▶ Task objective:
With pictures excluded, copy word for word the lines in the data below from the line containing "2、在关卡场景,操控角色移动" through the line containing "衿足下2~3cmの前下がりの".

▶ The data:
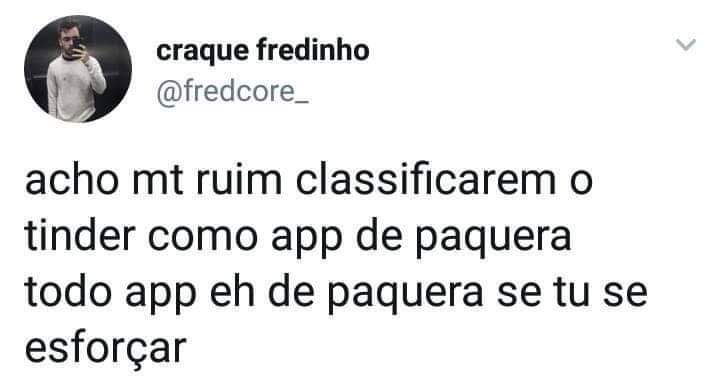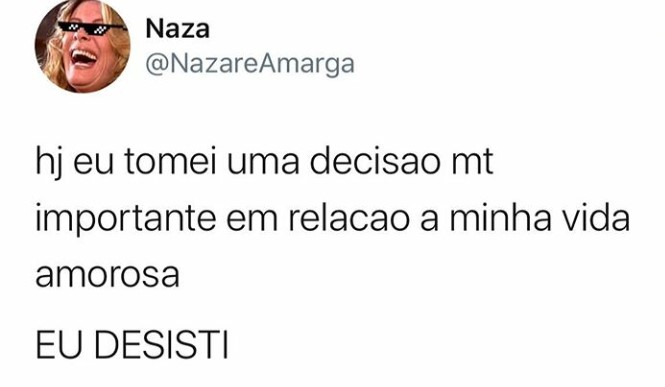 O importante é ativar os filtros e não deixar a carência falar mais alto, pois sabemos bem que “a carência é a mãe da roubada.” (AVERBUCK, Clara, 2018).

--

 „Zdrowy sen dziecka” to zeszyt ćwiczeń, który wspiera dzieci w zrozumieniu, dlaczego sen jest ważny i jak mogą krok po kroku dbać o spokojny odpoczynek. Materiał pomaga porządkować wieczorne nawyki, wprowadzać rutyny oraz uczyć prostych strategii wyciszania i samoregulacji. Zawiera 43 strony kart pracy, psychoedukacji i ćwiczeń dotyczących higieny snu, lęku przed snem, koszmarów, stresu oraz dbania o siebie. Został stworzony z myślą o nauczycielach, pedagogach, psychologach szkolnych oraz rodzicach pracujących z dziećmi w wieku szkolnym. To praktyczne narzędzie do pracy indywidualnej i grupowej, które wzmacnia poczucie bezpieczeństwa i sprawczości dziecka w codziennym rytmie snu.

* * *

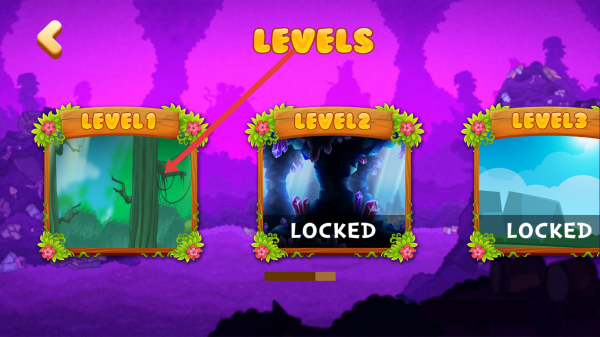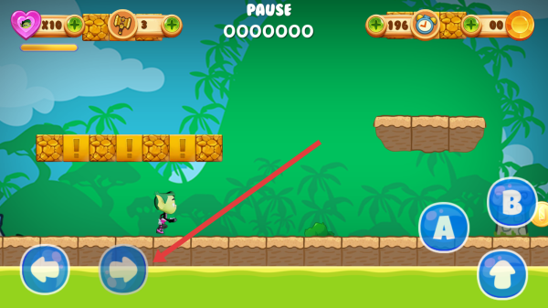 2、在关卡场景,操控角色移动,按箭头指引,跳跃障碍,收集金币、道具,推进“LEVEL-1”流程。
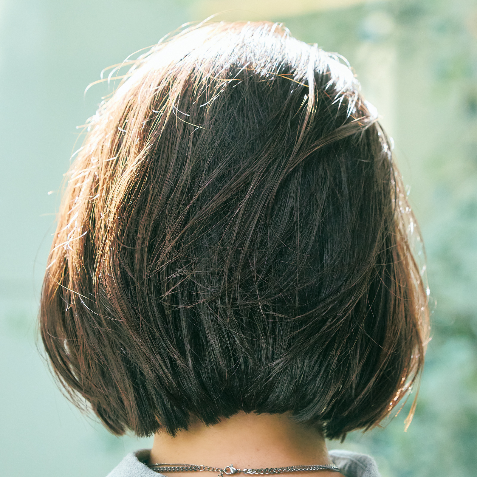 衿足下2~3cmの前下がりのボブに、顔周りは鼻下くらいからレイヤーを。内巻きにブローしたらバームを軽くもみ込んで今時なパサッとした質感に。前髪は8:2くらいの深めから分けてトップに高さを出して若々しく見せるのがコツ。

▶ Output of the exercise:
 2、在关卡场景,操控角色移动,按箭头指引,跳跃障碍,收集金币、道具,推进“LEVEL-1”流程。
 衿足下2~3cmの前下がりのボブに、顔周りは鼻下くらいからレイヤーを。内巻きにブローしたらバームを軽くもみ込んで今時なパサッとした質感に。前髪は8:2くらいの深めから分けてトップに高さを出して若々しく見せるのがコツ。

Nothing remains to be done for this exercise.